Provenance research in colonial contexts creates uncertainty, posing questions that for a long time many people did not regard as questions. Uncertainty and how to confront it was the central theme of the workshop “Mitgenommen” held at the Humboldt Forum in Berlin on 2 and 3 March 2023, which was dedicated to items which changed hands during the Boxer War of 1900/01.
This event marked the halfway point of the project “Traces of the ‘Boxer War’ in German Museum Collections” funded by the German Lost Art Foundation, having been held just over a year after the project got underway. Seven museums are participating in this “joint approach”: the Museum of Asian Art and the Ethnological Museum (Berlin), the Museum für Kunst und Gewerbe and the Museum am Rothenbaum (Hamburg), the Grassi Museum of Applied Arts (Leipzig), the Five Continents Museum (Munich) and the Museum Angewandte Kunst (Frankfurt/Main). The project director is Christine Howald, provenance researcher and Deputy Director of the Central Archive of the National Museums in Berlin, while Kerstin Pannhorst takes care of coordination and research. Those missing from this long list were the cooperation partners from the Beijing Palace Museum, though Pannhorst did hold out the prospect of them being involved in a second workshop at the end of the year.
The aim of those up on stage on this occasion was to counteract the uncertainty, which begins with the fact that the Boxer War – i.e. the military intervention by eight colonial powers – was aimed at China, a country that does not seem like a victim at all from today’s perspective.
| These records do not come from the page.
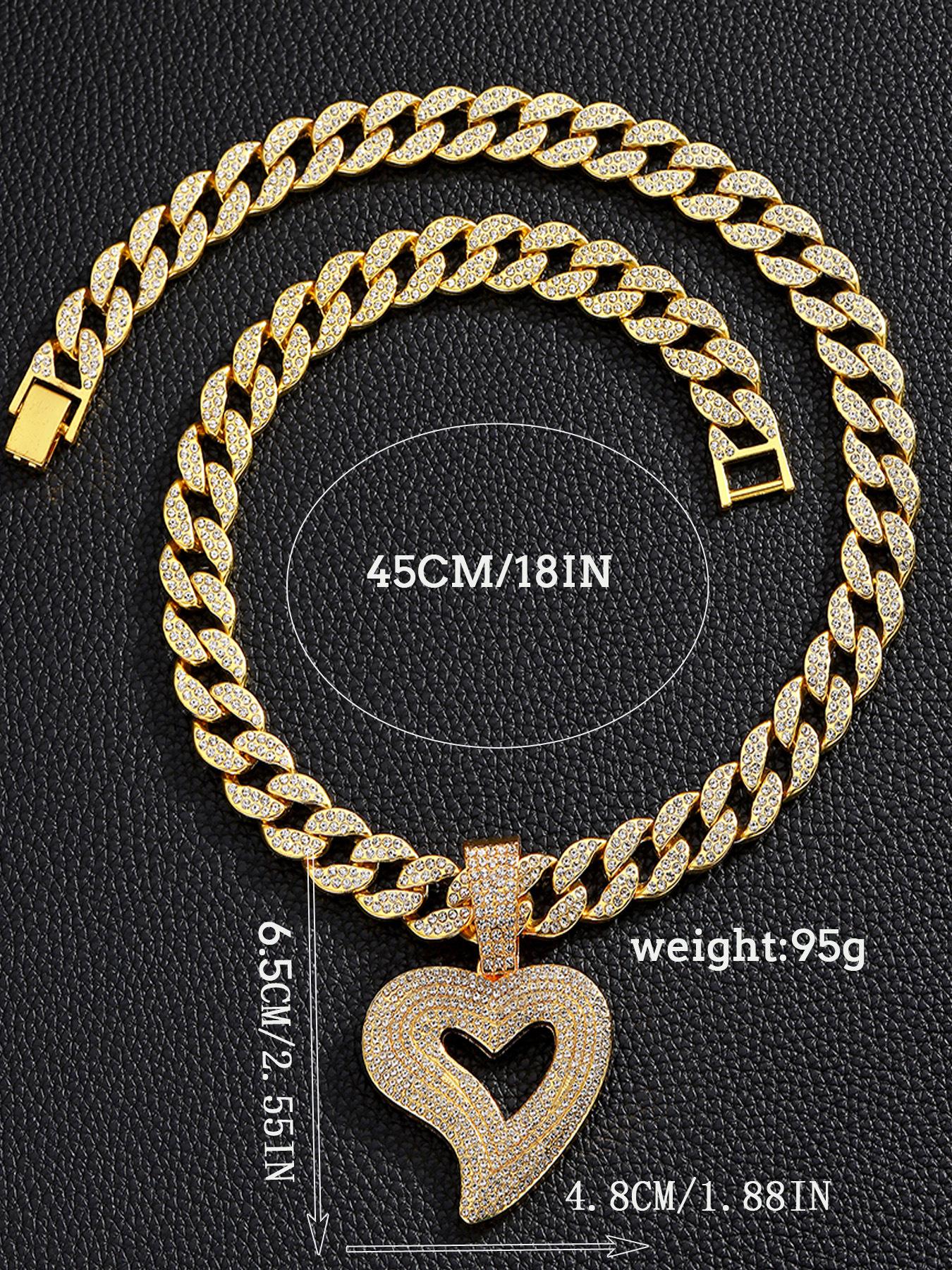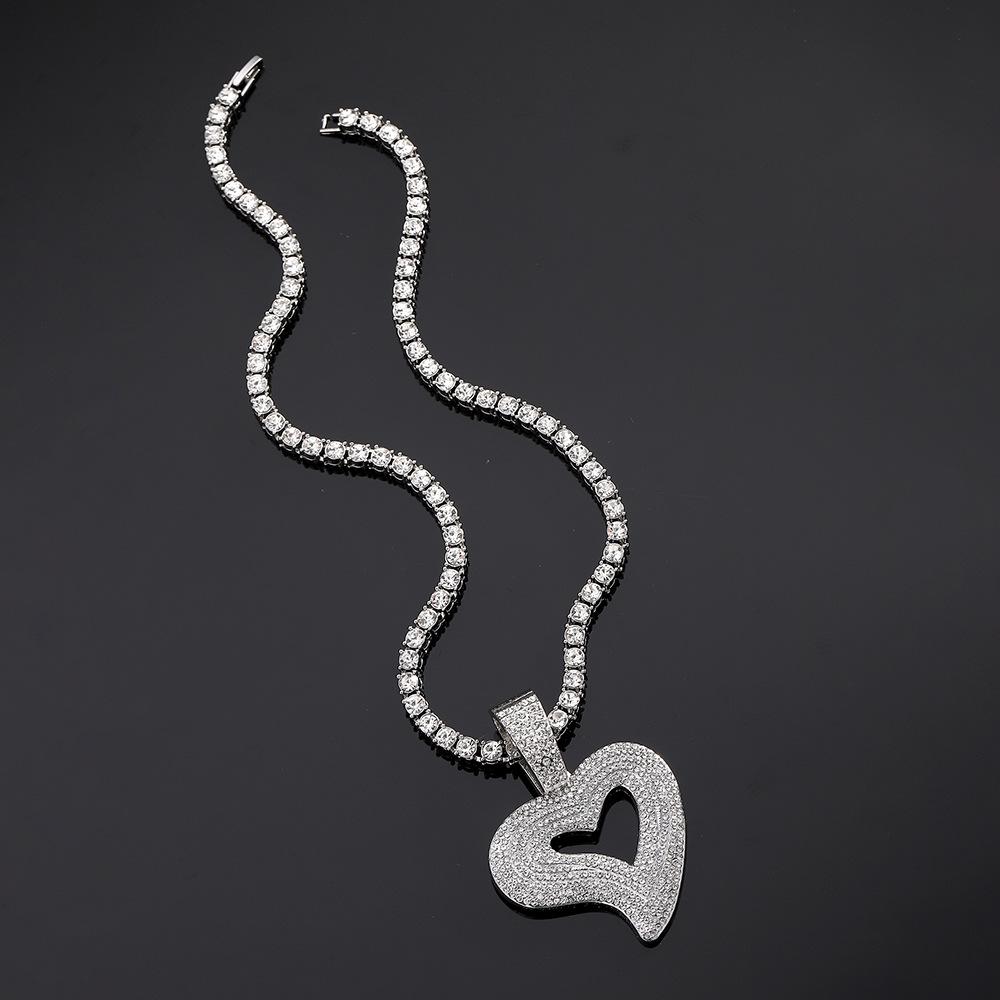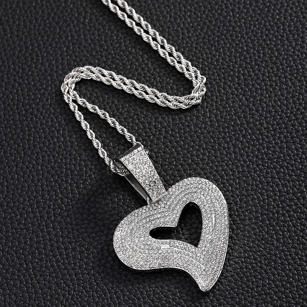 Colgante de corazón de melocotón con forma de corazón de aleación de diamantes de imitación de estilo hip hop transfronterizo, collar cubano, joyería para joyería
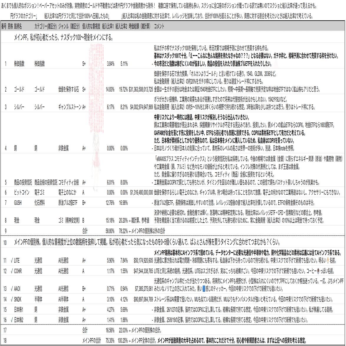 ・メインPF銘柄は最高値を更新したり、原油株は当然に利益が伸びているが、地金ガチホ枠とギャンブルPFは減っているので、トータルで考えると資産額は私も減っています。
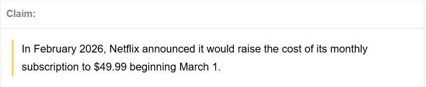Though many users reposted the claim, including Florida Gov. Ron DeSantis (archived), we found no evidence Netflix would raise its monthly price to $49.99 in March 2026.
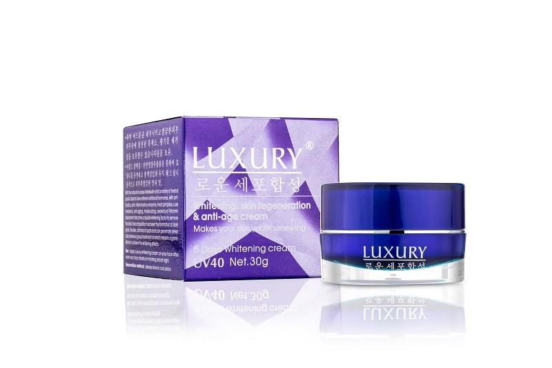 Cream tái sinh tế bào da mới, dưỡng trắng với lượng thành phần cao cấp 3 lần, chống lão hóa tái tạo sản sinh tế bào mới làm da tỏa sáng tươi trẻ chỉ trong 5 ngày. Ngăn Ngừa tia UV gây sạm nám da. Ngay khi chạm vào da, da sẽ mềm mại, mịn màng, ức chế sự sản sinh melanin đem lại làn da trắng hồng rạng rỡ. Cream Luxury loại bỏ mọi vết nám, tàn nhang, đồi mồi, hết mụn, bổ sung cân bằng độ ẩm thiết yếu giúp da luôn sáng đẹp. Cho làn da luôn căng mịn và trắng hơn, giảm vết sạm trên da, giúp da hấp thụ nhanh các dưỡng chất làm se khít lỗ chân lông , làm da mịn màng và tươi
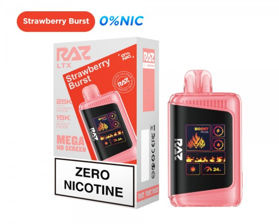 - Strawberry Burst: It’s delightfully juicy! The sweet allure of Strawberry Burst by RAZ DC 25000 is undeniable. Ripe strawberries literally burst with flavor in this terrific blend, for a taste of summer’s strawberry fields with every puff.

In the summer of 1900, foreigners and Chinese Christians were threatened and killed by “Boxers” in Beijing and the surrounding area: depending on one’s point of view, the latter were either resistance fighters or simply impoverished peasants who, with good reason, blamed colonies such as nearby Qingdao, “punitive expeditions”, railway construction and Christian missions for their situation. Troops sent from the German Reich occupied and looted Beijing and the Forbidden City, among other places, and more than 100,000 people lost their lives. The imperial government was removed by a revolution ten years later, not least weakened by enormous “compensation payments”.
Who has any interest in the Boxer War now that more than 120 years have passed since it happened? Well, the queue of people waiting stretched right across the Schlüterhof courtyard of Berlin Palace. More than 150 people turned up – and they were not just regular museum-goers. The guests included all those in possession of Chinese objects that were created before 1900 and traded after 1900 – or brought over directly by a great-grandfather: Germany provided the largest number of troops, with a total of 20,000 soldiers, and very few of them will have returned without souvenirs. As Christine Howald emphasised, the project is not even able to investigate the provenance of all items in the participating museums. Instead, the aim is to trace patterns and compile a Provenance Research Manual for all those concerned.
The first day was dedicated to various aspects of the lootings. For example, Cord Eberspächer (Bonn/Changsha) explained which actors participated in or profited from the looting in Beijing, including both Chinese traders and Prussian museums. Ricarda Brosch (London) addressed the looting of the western imperial tombs of the Qing dynasty, specifically a handscroll. Maik Jachens (Hanover) talked about how he discovered looted goods at Landesmuseum Hanover, reported them to the Chinese embassy and made them the subject of a small exhibition. Finally, Bettina Zorn (Vienna), Susanne Knödel (Hamburg) and Birgitta Augustin (Berlin), all of whom are curators, showed examples of how the “Boxer War” provenance is dealt with in exhibitions today.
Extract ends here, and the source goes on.